Changing executive pay practices is part of a broader initiative by President Barack Obama to overhaul US financial rules in the aftermath of the crisis. Obama will unveil his “series of specific proposals” streamlining and reorganizing regulation on June 17, White House spokesman Robert Gibbs said.
Geithner was scheduled to meet late on Tuesday with officials including Fed Chairman Ben S Bernanke and Schapiro to discuss the regulatory revamp, according to people familiar with the matter.
The Treasury as soon as on Wednesday will name Washington lawyer Kenneth Feinberg to review compensation at companies that have received infusions of government capital, people familiar with the matter said. Feinberg, who works as a mediator, is expected to take the job without pay, the people said.
Feinberg is retained by corporations, insurers, government agencies and courts to help settle cases.
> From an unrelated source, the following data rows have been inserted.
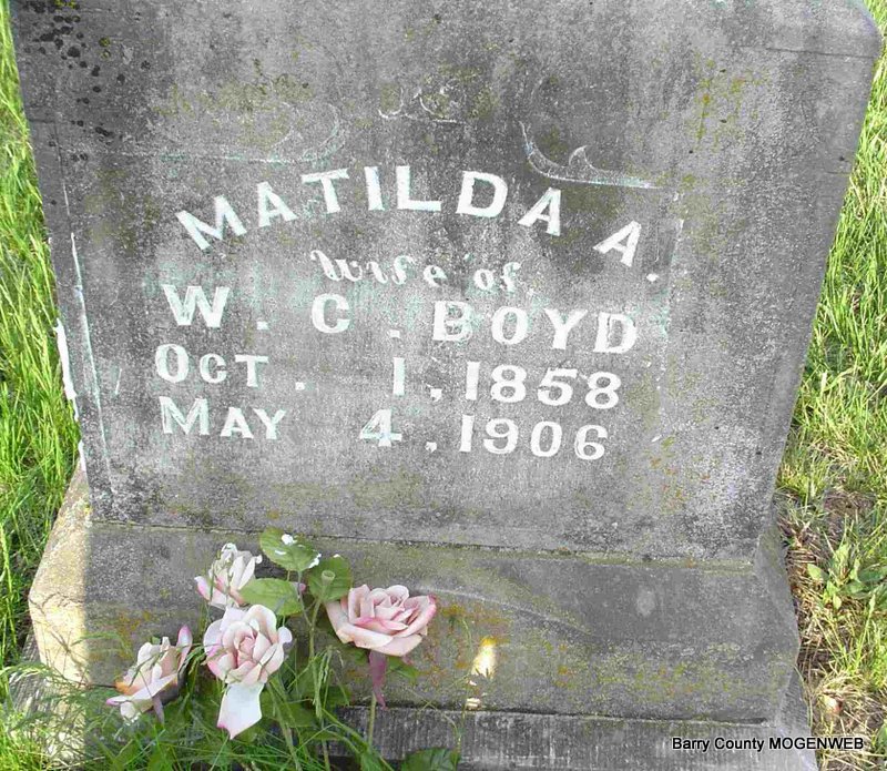 | BOYD, Matilda Ann (DRAKE) | Oct. 1, 1858 | May 4, 1906 | Inscription: "Wife of W. C. Boyd" - Research Note: Wife of William Coleman Boyd. Daughter of Jacob Drake and Margaret Elina Counts. | Census Int'l Marriage Records Phyllis Long Photo Donna Cooper |
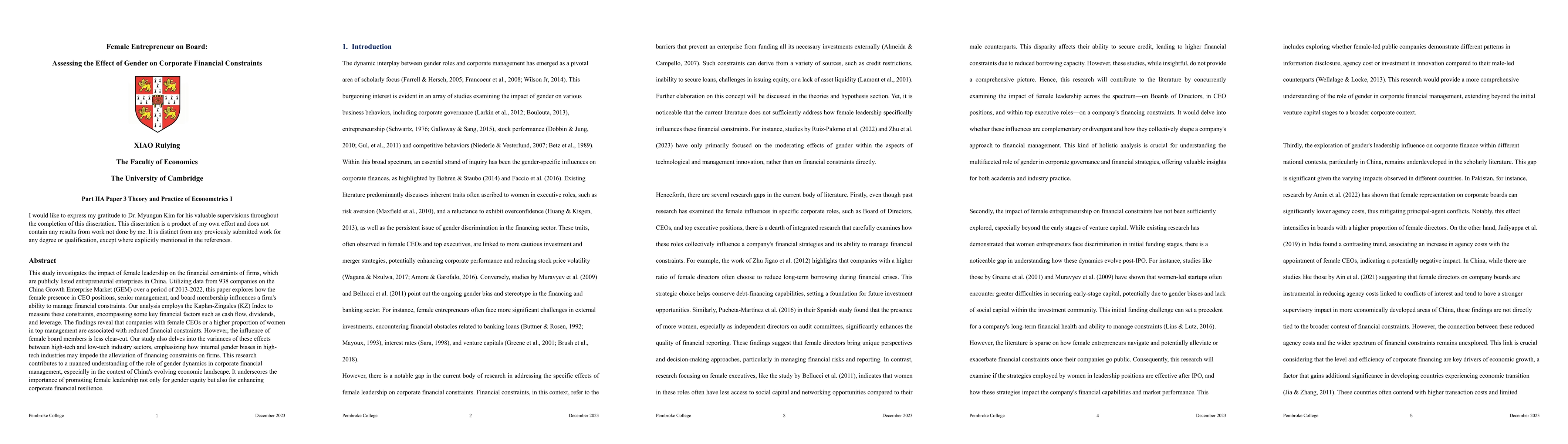 This study examines how female leadership in CEO positions and senior management affects financial constraints in Chinese entrepreneurial firms, finding that female CEOs and higher female representation in top management correlate with reduced financial constraints. The impact of female board members remains ambiguous, with internal gender biases in high-tech sectors hindering financial relief.
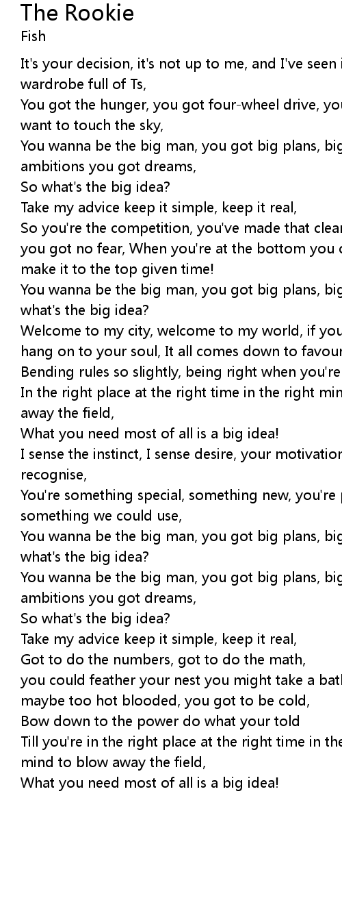 You wanna be the big man, you got big plans, big ambitions you got dreams, So what's the big idea? |
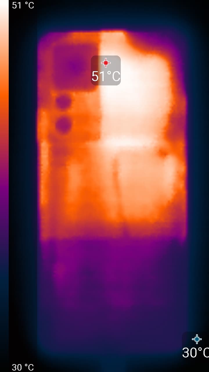 Нагрев больше в верхней части аппарата, что, видимо, соответствует расположению микросхемы SoC. По данным теплокамеры, максимальный нагрев составил 51 градус (при температуре окружающего воздуха в 24 градуса), это типичный нагрев в случае данного теста в сравнении с другими современными производительными смартфонами. Для более-менее точного определения температуры на заднюю поверхность смартфона пришлось наклеить кусок тонкой клейкой ленты, что увеличило коэффициент излучения поверхности до значения, близкого к единице. Без клейкой ленты температура, определенная с помощью теплокамеры, была занижена на три градуса.
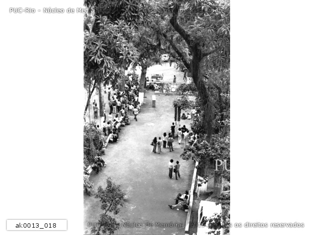Vista a partir de sala na Ala Kennedy de alunos participando de sarau.
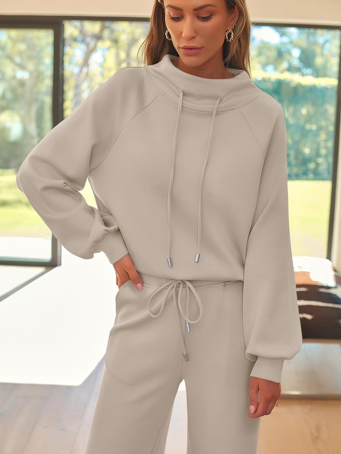 Design: In thick, comfortable fabrics,winter clothes for women, womens fall fashion 2024.This lounge tracksuit consists of a drawstring pullover sweatshirt and wide leg sweatpants. The stand-up collar makes the clothes more fashionable, comfortable and elastic, which can give you a better and more pleasant wearing experience.

He’s best known for being named the special master of the September 11th Victim Compensation Fund, which made payments to the victims of the terrorist attack.
Geithner has been a proponent of so-called say-on-pay rules since taking office. In a May 18 speech in Washington, he said that giving shareholders a vote on compensation would bring a “kind of disclosure that can help a lot.”
In developing the executive compensation rules, the Treasury must reconcile the Obama administration’s initial pay policy with measures since enacted by Congress.
Senate Banking Committee Chairman Christopher Dodd added a provision to the $787 billion stimulus legislation passed in February that tightened pay restrictions at firms that took government capital, while also making it easier for banks to repay their aid to escape the new regulations.
Dodd’s provision restricts bonuses for senior executives and the next top 20 employees at companies getting more than $500 million from Treasury’s financial-rescue fund. Limits on bonuses apply to other companies on a sliding scale based on how much assistance they received.
The Obama administration’s original proposal, released February 4, limited salaries and required bonuses to be paid in restricted stock. This was intended to provide incentives for bank executives to consider firms’ longer-term interests, without setting an overall cap on compensation.
Geithner hasn’t said how he plans to reconcile the two policies, other than to say that the Treasury will implement the law.
The Wall Street Journal reported that the administration intends to drop its own proposals and just leave the firms that received federal rescue money subject to the Dodd measures, citing people it didn’t name. Bank of America Corp and Citigroup Inc are among the firms that continue to have government shares.